In sum, we conclude, as did the lower courts in this matter, that the Department failed to demonstrate that the release of the Cancer Registry information requested by plaintiff tends to lead to the identity of the specific persons described in that data. As we have noted, it was the Department's burden under the FOIA to establish that its refusal to release the requested material to plaintiff fell within the exemption set forth in section 7(1)(a) of the FOIA, by establishing that the information was prohibited from disclosure pursuant to section 4(d) of the Registration Act. In the absence of more definitive proof that individuals of the general public would have the ability to duplicate Dr.
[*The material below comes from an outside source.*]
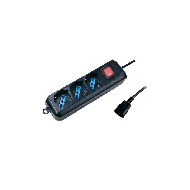 Multipresa tripasso 10/16A/SCHUKO • 3 posizioni • Dotata di terra ed elevato grado di protezione • Interruttore generale luminoso • Carico max 2.500W - Nera. Cavo con spina IEC per l'uso con UPS.

Sweeney's multistep experiment, our decision is guided by the public policy of this state, which “encourages a free flow and disclosure of information between government and the people.” Bowie, 128 Ill.2d at 378, 131 Ill.Dec. 182, 538 N.E.2d 557. As the FOIA is to be interpreted liberally, and the exemptions to disclosure are to be interpreted narrowly, we conclude that the lower courts properly instructed the Department to disclose to plaintiff the information contained in its FOIA request.
As a final matter, we note that in granting plaintiff access to the requested information from the Cancer Registry, the circuit court ordered plaintiff not to identify those on the Cancer Registry list. We believe that the court's order expressly forbidding plaintiff to use the information in an improper manner will ensure its confidentiality.
For the foregoing reasons, the judgment of the appellate court is affirmed.
1. Neuroblastoma is a cancer of the peripheral nervous system that typically develops in infants and young children. Statistics reveal that neuroblastoma afflicts approximately 9 out of every 1 million children born. See Donaldson v. Central Illinois Public Service Co., 199 Ill.2d 63, 66, 262 Ill.Dec. 854, 767 N.E.2d 314 (2002).
2. The Department notes that its current Director is Dr. Eric E. Whitaker, who immediately succeeded Dr. Lumpkin in that post.
3. On the date it filed its response, the Department also filed a motion to file an amended answer. The Department requested the court to allow it to amend its answer to reflect the affirmative defenses raised in the Department's response to plaintiff's summary judgment motion and in its own cross-motion for summary judgment.
Justice McMORROW delivered the judgment of the court, with opinion:
Chief Justice THOMAS and Justices FREEMAN, FITZGERALD, KILBRIDE, GARMAN and KARMEIER concurred in the judgment and opinion.